# Webseiten vor RIPs schützen



## skav (19. Juni 2003)

Hi Leute,

ich wollte mal gerne wissen, wie man den Quelltext bzw. die Webseite vor Leute schützt, die die Seite rippen wollen.

Ich kenn zwar ein-zwei Methoden, die sind aber nicht gerade wirksam.
Vielleicht könnt ihr ja mal hier eure Methoden posten, wie man sowas am besten realisiert.

Und das zweite ist, wie kann man z.B. per google nach RIP's von seiner eigenen Homepage suchen ?

Gruß&frohes Schaffen
wMan


----------



## THE REAL TOOLKIT (19. Juni 2003)

Ganz einfach: Gar nicht.
Wenn du deine Website um jeden Preis schützen willst lade sie am besten erst gar nicht hoch.
Klar,du kannst eine tolle Rechtsklicksperre einbauen oder auch den Source mit JS verschlüsseln aber aber naja.


----------



## Fabian H (19. Juni 2003)

Genau!
Bis jetzt hab ich noch keinen wirksamen Schutz dagegen gesehen!

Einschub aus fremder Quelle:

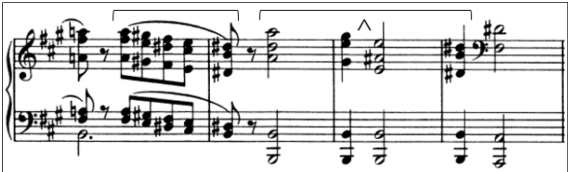
Figure 8. First Instance of Linkage in the A-major Piano Quartet, I: Piano Part, mm. 44-47.

Above the expanded motive in mm. 45-47, the strings become more legato and lyrical immediately after their second escape attempt beginning in m. 43. The strings' C \sharp in m. 45 not only represents the local climax, but also the highest registral point for the strings thus far. Contrasting with m. 41, the end of the first
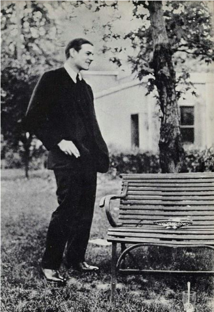
1. Ernest Hemingway as a young man

Und ausserdem ist HTML so einfach, dass es auch gar nicht verdient, versteckt zu werden


----------



## Marvin (19. Juni 2003)

Beim Suchen nach Rips kann man wohl nur Glück haben, wenn der Ripper zu dämlich ist, alle Hinweise auf Rip zu entfernen...

Tu z.B. einfach eine Zeile irgendwo in deinen Quelltext rein, am Besten direkt an den Anfang:

<div style="display:none;">Diese Seite wurde von Hans Mustermann (bzw. dein Name) geschrieben.</div>.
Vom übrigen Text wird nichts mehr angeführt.